PROBLEM DESCRIPTION: In the data below, find the line with "Registration of Participants" and the line with "Argos 3D - P100", then restate both and every line between them exactly, minus the pictures.

EXTRACTED DATA:
Content starts

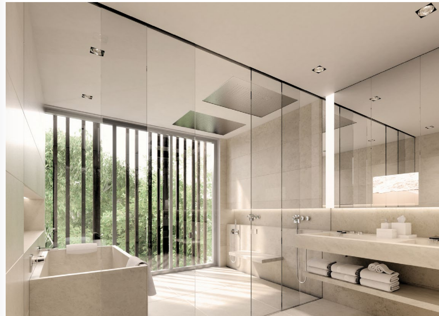
Master Suite, Second Level

Precision-cut Italian tiles effortlessly merge with Pibamarmi marble tub and pedestal vanities, dual rain showers, Dornbracht fixtures and Duravit toilets.
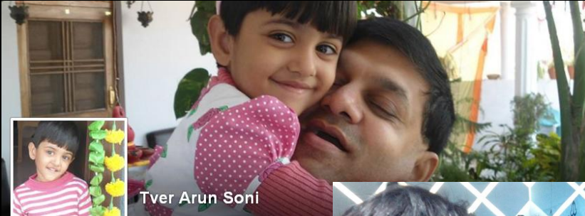
Tver Arun Sony
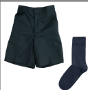
Navy polycotton shorts Stevensons Navy ankle socks
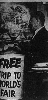
FREE TRIP TO WORLD'S FAIR

Plans and Specifications of bids do not in any case deliver your plans and Specifications to any bidder. Plans or Specifications to be returned to the Architect, otherwise no return will be made. All checks shall be made payable to "The Nicholas County Public Library Board." Bids must be accompanied by a certified check, payable to such local agent who shall not divide such commission with any person other than a duly licensed local agent. Bids upon their receipt by the Nicholas County Public Library Board are stamped, showing the hour and date received. Bids received after the scheduled closing time for the receipt of bids will not be considered, provided legal and accepted bids have been received on said tendered invitation. In the event an award is made and the successful bidder fails to furnish a satisfactory Performance Bond and fails to execute a contract for the construction of the work under the contract, then the bid bond or Certified Check shall be forfeited to the Owner as liquidated damages for such failure. The Proposals, including the Bid Bond or Certified Check, shall be in a sealed envelope bearing the bidder's identification, addressed to The Nicholas County Public Library Board, Carlisle, Kentucky and labeled in the lower left-hand corner: Proposal Library
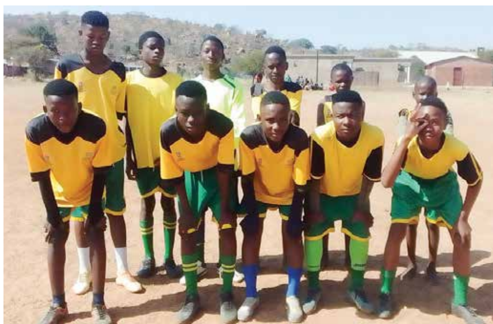
Bakone Small Boys from Moganyaka Village thrashed Avengers FC 4-0 in the BSDA Super League encounter played at Rest in Peace Sports Grounds in Mamphokgo Village on Sunday 28 September 2025.
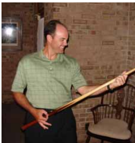
Air Head Guitar!
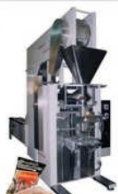
Dry Fruits Packing Machines
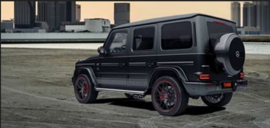
MERCEDES BENZ G63
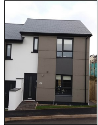
First Time Buyer Home, Ramsey

There are currently two upcoming residential developments which already have planning permission and which will include first time buyer homes at Auldyn Meadows, Ramsey and Reayrt Mie, Ballasalla. Several other sites are also currently going through the planning process.
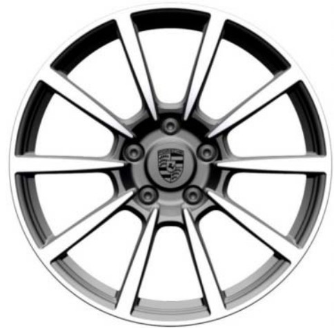
20-inch Carrera Classic 2
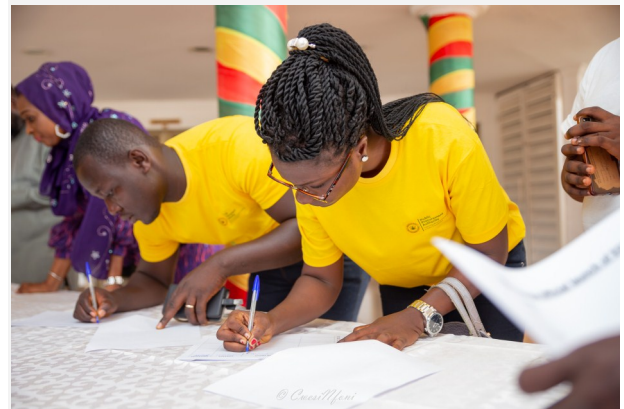
Registration of Participants
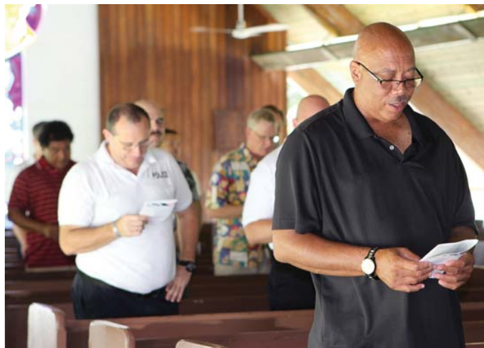
Audience members sing the Army Song at the closing of the 239th U.S. Army Birthday celebration June 14.
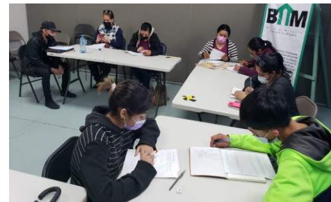
Teachers assistants to the preparatory course for adult school (INEA).

Because of its importance, this program, despite the pandemic, was able to continue remotely, with counseling to adults who were interested in receiving their diploma.
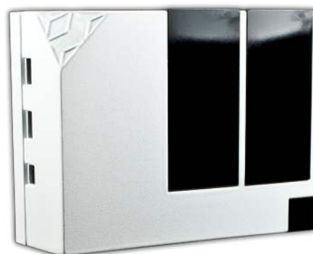
Argos 3D - P100

Using active IR illumination, the sensor is able to capture 3D and 2D information at a resolution of 160 x 120 pixels with up to 160* frames per second independently of ambient light. With a range of up to 3m, a field of view of 90° and a size of only 75 x 57 x 26 mm, this USB connected sensor can be used for next generation systems in various application fields like robotics, gesture recognition, HMI or people counting.
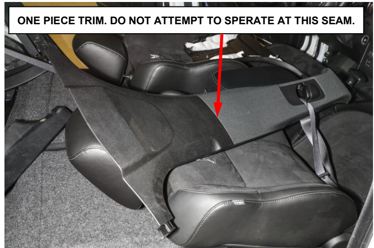
Figure 1 – B-Pillar Trim

NOTE: In headliner procedure, remove both upper and lower C-Pillar trim panels.
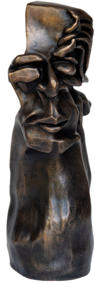
PROTEUS PRIMEVAL III (bronze – height 43.5 cm; weight 11.2 kg)
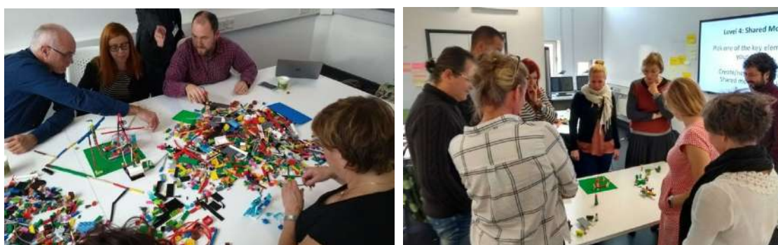
Figure 2: Partners onboarded into the use of LEGO blocks for breaking barriers to team communication and decision making

The partners regularly engage with farming stakeholders and in policy design. It is crucial for them to be onboarded into the understanding the value of playful approaches in their context. Workshops were organised to demonstrate the value of playful methods as powerful means for creative and inclusive team bonding, negotiations, and decision-making. The project partners were taken through the simplified LSP-inspired workshop in which they were asked to identify potential issues for the BOND project and to then develop shared strategies to minimise any impact from those issues.
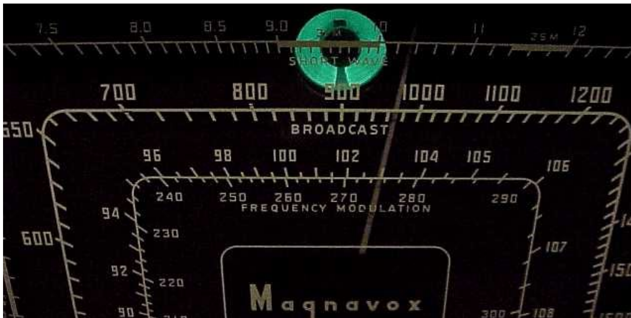
This dial is from one of the more expensive Magnavox Radio/Phonographs from about 1948 showing dual markings for both frequency and channels.

RDV's Bensalem translator W246AR can be heard at 97.1 on this radio. It could also be tuned to channel 246 on the lower number scale, putting it exactly at 97.1.
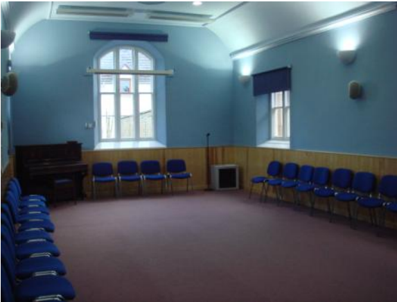
Main Church Hall
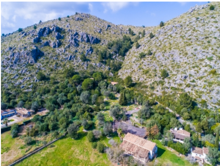
Property with tennis court from above
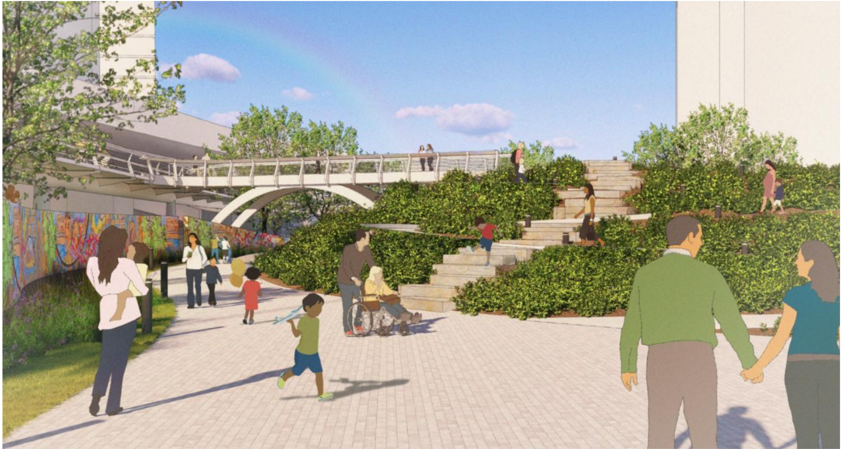
Flyover Connection & Mural Wall
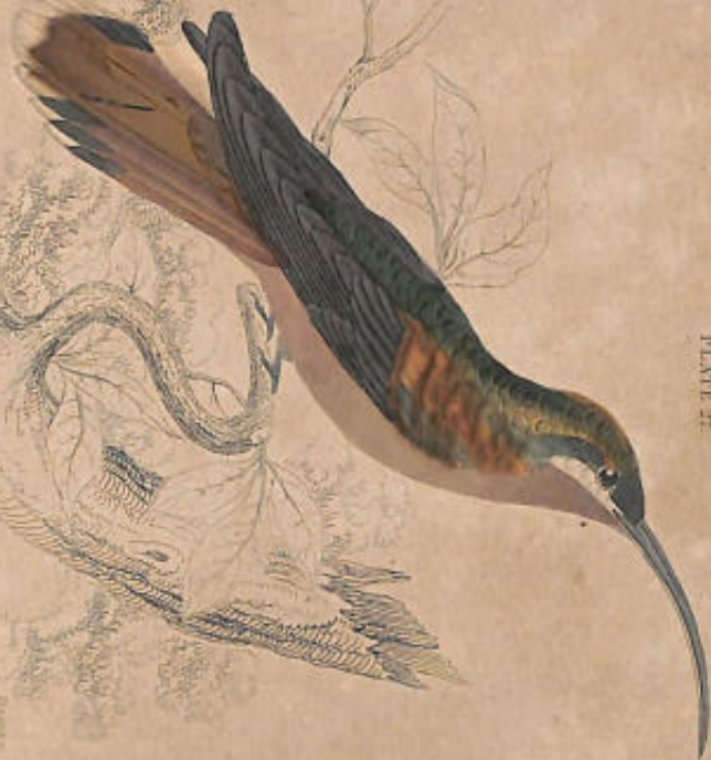
TROCHILUS STEEP-BILLED HUMMINGBIRD
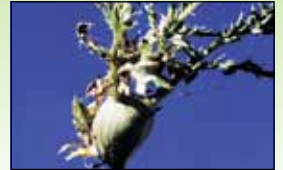
Fig. 10 Gall on Canada thistle stem—Beadle County
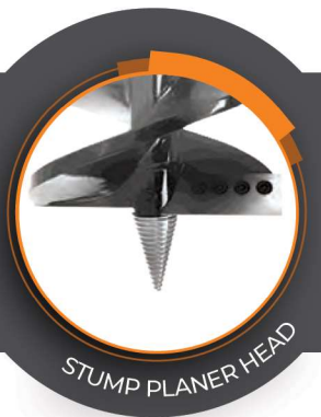
STUMP PLANER HEAD
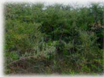
High density : > 1000 stands/ha
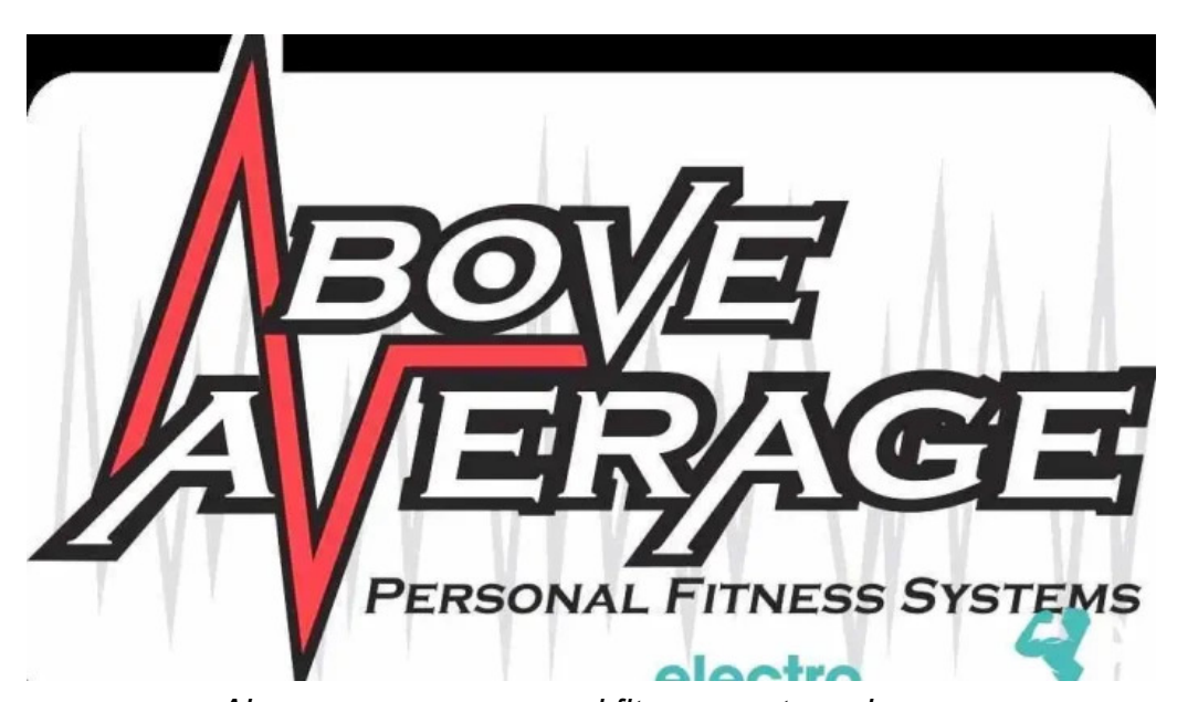
Above average personal fitness systems by owner
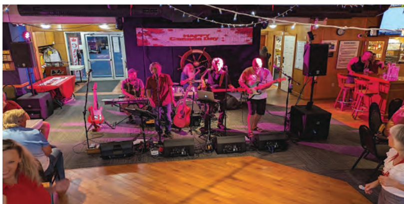
Feet First for Canada First!

A special birthday party was held at VYC on Saturday July 5th. The Knot 51 Canada Birthday Bash was a gentle nautical jab at our giant to the south (not the 51st). It was another full house and made special with Feet First being there to play Oh Canada for us along with all their great dance tunes. And it was special because the band was courtesy of Okanagan Restoration Services Ltd. The beef dip and the appie menu were a big hit before the band hit the stage and the people hit the dance floor!

Content ends

SOLUTION TO THIS PROBLEM:
Registration of Participants
Audience members sing the Army Song at the closing of the 239th U.S. Army Birthday celebration June 14.
Teachers assistants to the preparatory course for adult school (INEA).

Because of its importance, this program, despite the pandemic, was able to continue remotely, with counseling to adults who were interested in receiving their diploma.
Argos 3D - P100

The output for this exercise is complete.